**Task**. Make an exact copy, from the records below, of the lines from the line containing "Liniová kresba zobrazuje" to the line containing "ACROSS 1. Periodic", both lines included, excluding pictures.

**Supplied records**.
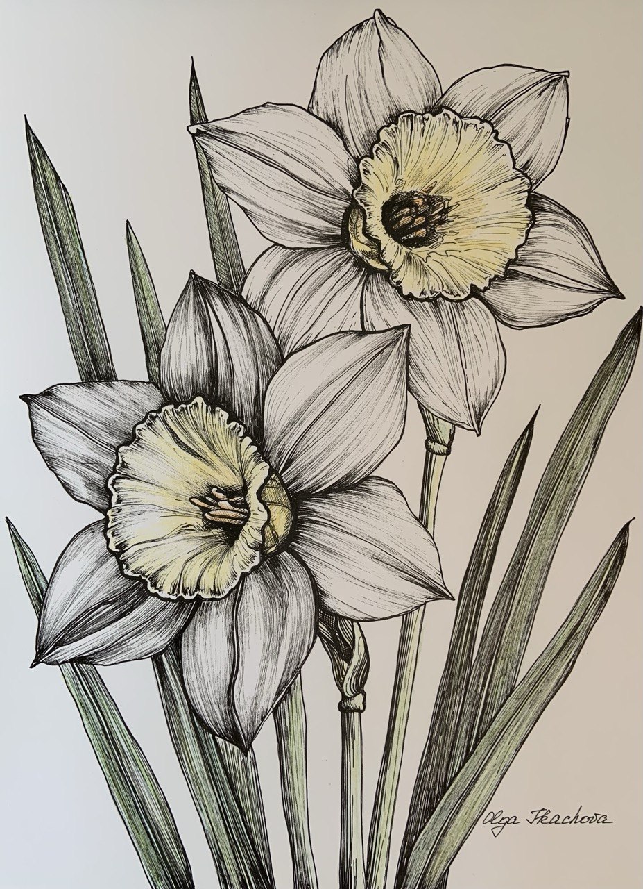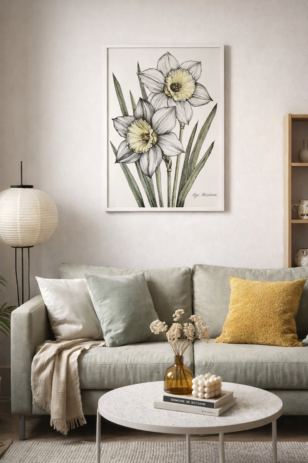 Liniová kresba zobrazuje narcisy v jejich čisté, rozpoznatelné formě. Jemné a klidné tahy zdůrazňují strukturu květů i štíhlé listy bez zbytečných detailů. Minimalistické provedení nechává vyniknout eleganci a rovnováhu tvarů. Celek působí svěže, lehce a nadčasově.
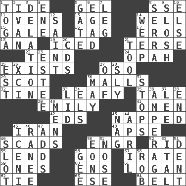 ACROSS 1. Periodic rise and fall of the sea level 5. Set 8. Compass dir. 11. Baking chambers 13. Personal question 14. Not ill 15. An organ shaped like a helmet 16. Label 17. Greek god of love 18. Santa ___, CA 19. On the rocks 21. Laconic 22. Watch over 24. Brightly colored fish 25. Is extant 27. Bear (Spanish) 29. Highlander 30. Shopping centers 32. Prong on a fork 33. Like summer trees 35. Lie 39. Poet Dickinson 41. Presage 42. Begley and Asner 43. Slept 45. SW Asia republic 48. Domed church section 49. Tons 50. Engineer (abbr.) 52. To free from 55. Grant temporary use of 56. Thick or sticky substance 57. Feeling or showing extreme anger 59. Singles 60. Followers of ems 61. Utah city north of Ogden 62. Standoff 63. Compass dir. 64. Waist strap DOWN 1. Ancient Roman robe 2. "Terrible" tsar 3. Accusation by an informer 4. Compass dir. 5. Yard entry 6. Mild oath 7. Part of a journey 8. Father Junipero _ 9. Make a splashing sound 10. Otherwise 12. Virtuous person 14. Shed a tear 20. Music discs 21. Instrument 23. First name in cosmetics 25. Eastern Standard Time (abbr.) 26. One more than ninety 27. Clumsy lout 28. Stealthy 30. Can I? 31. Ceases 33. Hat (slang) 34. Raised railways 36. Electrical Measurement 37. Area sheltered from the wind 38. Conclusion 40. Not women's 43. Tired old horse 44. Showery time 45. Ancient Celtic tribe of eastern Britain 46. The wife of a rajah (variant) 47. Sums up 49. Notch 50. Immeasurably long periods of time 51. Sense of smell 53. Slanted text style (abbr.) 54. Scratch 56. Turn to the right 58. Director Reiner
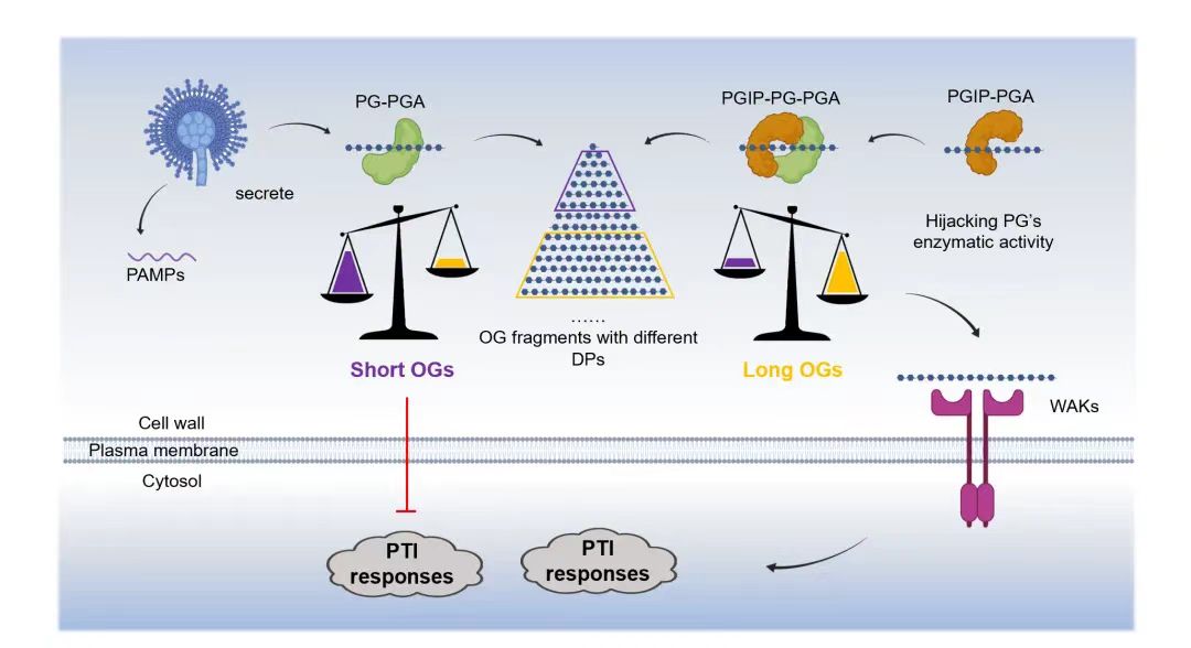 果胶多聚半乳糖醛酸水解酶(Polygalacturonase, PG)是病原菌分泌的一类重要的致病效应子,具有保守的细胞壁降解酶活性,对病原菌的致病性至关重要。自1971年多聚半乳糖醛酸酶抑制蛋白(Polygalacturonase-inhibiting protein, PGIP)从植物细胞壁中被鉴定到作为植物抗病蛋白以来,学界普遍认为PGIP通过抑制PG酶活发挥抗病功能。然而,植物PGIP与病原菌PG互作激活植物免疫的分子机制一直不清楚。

---

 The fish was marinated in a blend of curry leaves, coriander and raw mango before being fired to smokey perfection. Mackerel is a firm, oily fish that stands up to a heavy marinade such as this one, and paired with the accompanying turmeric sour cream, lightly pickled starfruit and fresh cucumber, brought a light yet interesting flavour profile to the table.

==

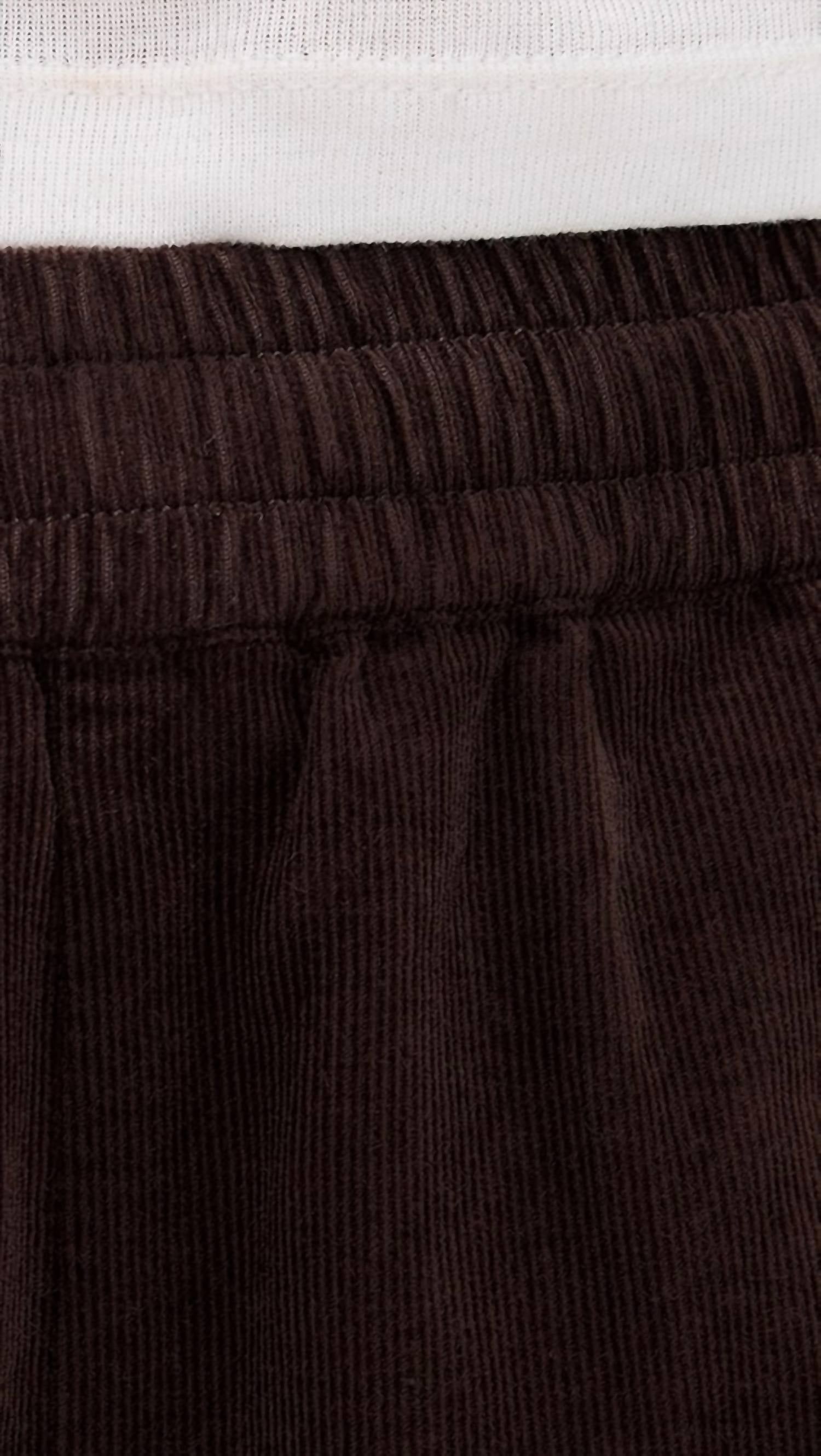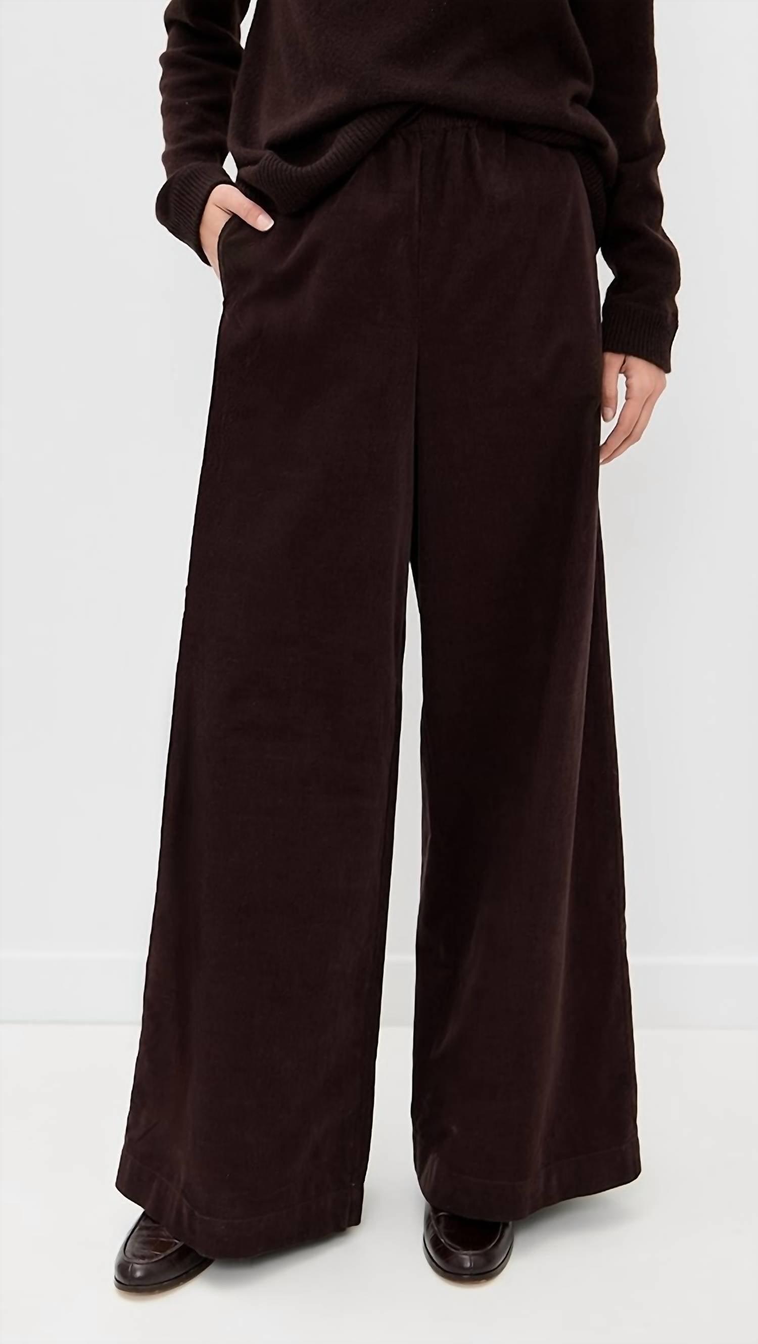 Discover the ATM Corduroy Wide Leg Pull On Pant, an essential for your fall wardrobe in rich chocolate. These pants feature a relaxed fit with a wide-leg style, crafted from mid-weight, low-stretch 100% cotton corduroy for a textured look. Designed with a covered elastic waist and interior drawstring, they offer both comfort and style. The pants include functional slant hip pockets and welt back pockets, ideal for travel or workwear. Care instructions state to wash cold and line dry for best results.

**Answer to the exercise**.
 Liniová kresba zobrazuje narcisy v jejich čisté, rozpoznatelné formě. Jemné a klidné tahy zdůrazňují strukturu květů i štíhlé listy bez zbytečných detailů. Minimalistické provedení nechává vyniknout eleganci a rovnováhu tvarů. Celek působí svěže, lehce a nadčasově.
 ACROSS 1. Periodic rise and fall of the sea level 5. Set 8. Compass dir. 11. Baking chambers 13. Personal question 14. Not ill 15. An organ shaped like a helmet 16. Label 17. Greek god of love 18. Santa ___, CA 19. On the rocks 21. Laconic 22. Watch over 24. Brightly colored fish 25. Is extant 27. Bear (Spanish) 29. Highlander 30. Shopping centers 32. Prong on a fork 33. Like summer trees 35. Lie 39. Poet Dickinson 41. Presage 42. Begley and Asner 43. Slept 45. SW Asia republic 48. Domed church section 49. Tons 50. Engineer (abbr.) 52. To free from 55. Grant temporary use of 56. Thick or sticky substance 57. Feeling or showing extreme anger 59. Singles 60. Followers of ems 61. Utah city north of Ogden 62. Standoff 63. Compass dir. 64. Waist strap DOWN 1. Ancient Roman robe 2. "Terrible" tsar 3. Accusation by an informer 4. Compass dir. 5. Yard entry 6. Mild oath 7. Part of a journey 8. Father Junipero _ 9. Make a splashing sound 10. Otherwise 12. Virtuous person 14. Shed a tear 20. Music discs 21. Instrument 23. First name in cosmetics 25. Eastern Standard Time (abbr.) 26. One more than ninety 27. Clumsy lout 28. Stealthy 30. Can I? 31. Ceases 33. Hat (slang) 34. Raised railways 36. Electrical Measurement 37. Area sheltered from the wind 38. Conclusion 40. Not women's 43. Tired old horse 44. Showery time 45. Ancient Celtic tribe of eastern Britain 46. The wife of a rajah (variant) 47. Sums up 49. Notch 50. Immeasurably long periods of time 51. Sense of smell 53. Slanted text style (abbr.) 54. Scratch 56. Turn to the right 58. Director Reiner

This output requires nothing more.